* [Material shown]:
- - -

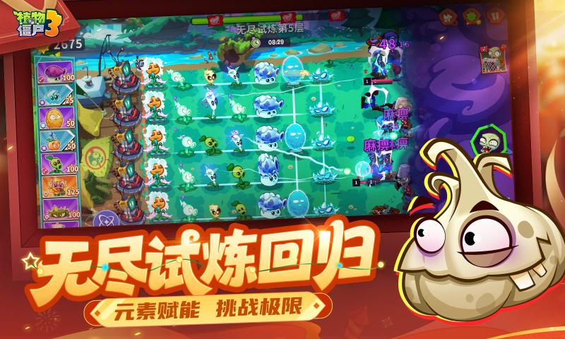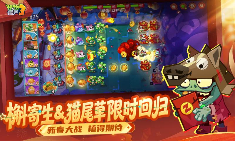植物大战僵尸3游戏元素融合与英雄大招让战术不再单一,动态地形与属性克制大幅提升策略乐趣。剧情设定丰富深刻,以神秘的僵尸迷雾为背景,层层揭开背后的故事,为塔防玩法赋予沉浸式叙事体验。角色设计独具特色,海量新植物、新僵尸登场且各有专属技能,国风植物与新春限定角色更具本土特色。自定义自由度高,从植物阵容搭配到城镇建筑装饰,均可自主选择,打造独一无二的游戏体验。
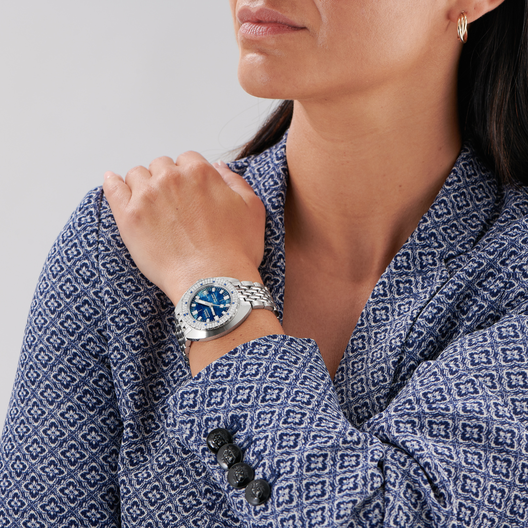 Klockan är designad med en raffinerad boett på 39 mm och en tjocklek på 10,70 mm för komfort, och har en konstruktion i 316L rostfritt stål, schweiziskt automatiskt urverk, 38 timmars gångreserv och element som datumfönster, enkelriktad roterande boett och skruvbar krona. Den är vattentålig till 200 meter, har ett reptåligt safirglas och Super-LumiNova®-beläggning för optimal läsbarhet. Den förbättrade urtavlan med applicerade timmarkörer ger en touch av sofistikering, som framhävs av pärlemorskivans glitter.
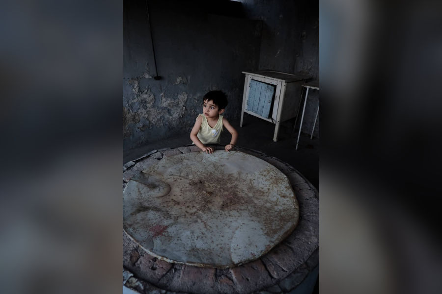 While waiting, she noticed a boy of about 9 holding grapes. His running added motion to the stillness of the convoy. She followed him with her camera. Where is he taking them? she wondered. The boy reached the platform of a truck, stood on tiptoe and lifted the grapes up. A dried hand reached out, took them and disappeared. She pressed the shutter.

- - -

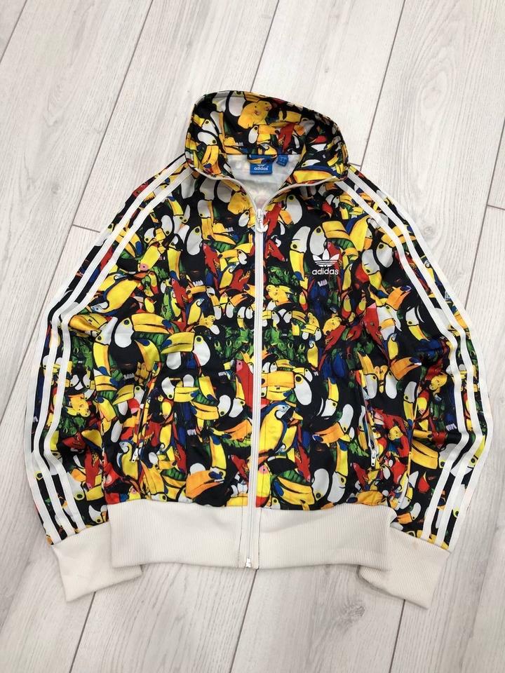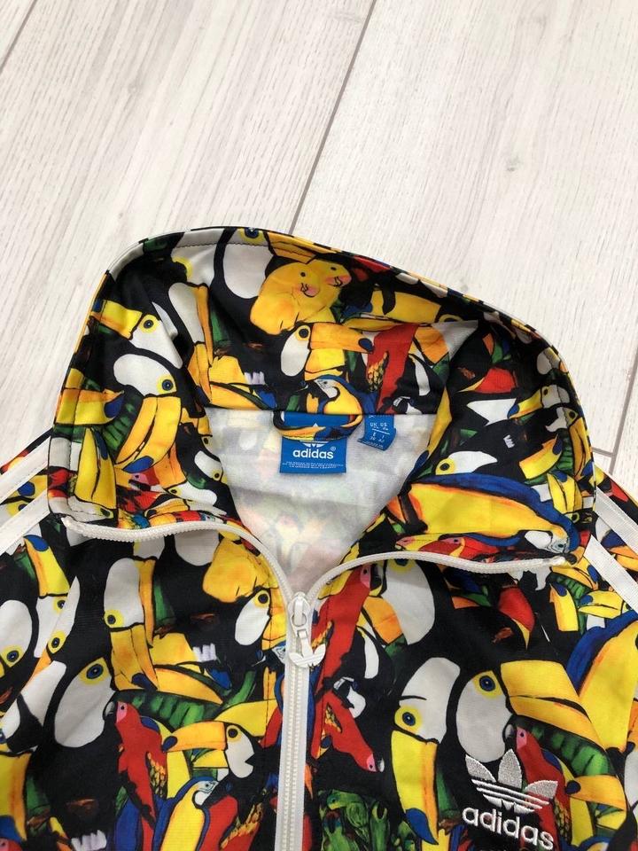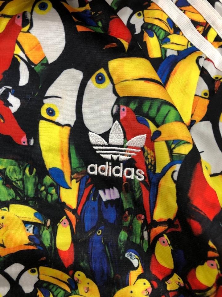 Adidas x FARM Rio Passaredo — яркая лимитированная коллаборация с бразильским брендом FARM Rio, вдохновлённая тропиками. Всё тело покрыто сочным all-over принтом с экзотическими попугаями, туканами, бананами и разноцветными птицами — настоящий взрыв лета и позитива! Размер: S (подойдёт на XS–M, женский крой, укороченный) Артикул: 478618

- - -

* [Instructions to follow]: From the data above, retype only the lines starting with the line with "植物大战僵尸3游戏元素融合与" and going on through the line with "While waiting, she", exactly, leaving out the pictures.

* [Reply to the task]:
植物大战僵尸3游戏元素融合与英雄大招让战术不再单一,动态地形与属性克制大幅提升策略乐趣。剧情设定丰富深刻,以神秘的僵尸迷雾为背景,层层揭开背后的故事,为塔防玩法赋予沉浸式叙事体验。角色设计独具特色,海量新植物、新僵尸登场且各有专属技能,国风植物与新春限定角色更具本土特色。自定义自由度高,从植物阵容搭配到城镇建筑装饰,均可自主选择,打造独一无二的游戏体验。
 Klockan är designad med en raffinerad boett på 39 mm och en tjocklek på 10,70 mm för komfort, och har en konstruktion i 316L rostfritt stål, schweiziskt automatiskt urverk, 38 timmars gångreserv och element som datumfönster, enkelriktad roterande boett och skruvbar krona. Den är vattentålig till 200 meter, har ett reptåligt safirglas och Super-LumiNova®-beläggning för optimal läsbarhet. Den förbättrade urtavlan med applicerade timmarkörer ger en touch av sofistikering, som framhävs av pärlemorskivans glitter.
 While waiting, she noticed a boy of about 9 holding grapes. His running added motion to the stillness of the convoy. She followed him with her camera. Where is he taking them? she wondered. The boy reached the platform of a truck, stood on tiptoe and lifted the grapes up. A dried hand reached out, took them and disappeared. She pressed the shutter.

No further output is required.